YAZILI ÇEVİRİDE İNCE TEKNİK DETAYLAR
Dünya ticaretinin küreselleşmesi sayesinde ülkeler arasında iletişim sınırları kalkmış ve ülkelerin birbirlerini anlayabilmeleri için tercüme işlemleri giderek önemini arttırmıştır. Önceleri bu işlemler basit bir şekilde iletişim kurmak amacıyla yapılırken zamanla bir sektör haline gelmiş ve bu konu üzerine araştırmalar yapılmış, akademik çalışmalarla desteklenmiştir.
Günümüzde birçok üniversite bu alan üzerine yazılı tercüme yapabilecek insanlar yetiştirmekte ve bu teknikler üzerine çalışmalar yapmaktadır. Yapılış itibariyle doğru mesajı ve anlam kaybı yaşanmadan birkaç farklı teknikle yapılan çevirilerdir.
Bu tekniklerden en çok kullanılanı ise direk tercüme tekniğidir. Dillerin birbirlerine benzemelerinden dolayı fazla anlam kaybı olmayacağı ve farklı kökenlere sahip dillere göre daha da az olabilmektedir. Aynı kökene sahip diller için bu teknik çok uygun olmaktadır. Diğer bir teknik ise adaptasyon ya da yerelleştirme tekniğidir.

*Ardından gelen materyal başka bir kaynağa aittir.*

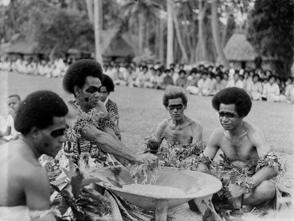 カヴァという飲み物は不思議な飲み物で、そもそもカヴァ(kava)という言葉(トンガ語)自体が「苦しい」という意味で、胡椒の仲間の背の低い木の根を砕いて作られる、成分的に日本では販売できない飲み物です。アルコール飲料ではないのですが、文化的な立ち位置は似たようなもので、酩酊をもたらす飲み物として、または百薬の長として、さらには儀式に欠かせないツールとして、生活の様々な場面で愛飲されて続けています。

Bu teknikte kaynak dil ile çevirisi yapılacak dil arasında köken bakımından hiçbir benzerlik ya da kültürler arasında hiçbir uyuşmazlık olmadığı durumlarda kullanılmaktadır. Bu durumlara en iyi örnek atasözlerinin başka dillerde anlamlarının çok farklı olmasıdır. Türk kültürüne ait olan bir atasözünü başka dile direk olarak çevirmek hiç bir anlam kazandırmamaktadır. Çünkü yüzde yüze varan anlam kayıpları meydana gelmektedir. Bu durumlarda yapılması gereken direk çeviri değil de diğer dilde o atasözünün karşılığı olan kelimeleri araştırıp hemen hemen eş değer kelimeler bulmak ardından da çevirisini yapmak daha iyi olacaktır.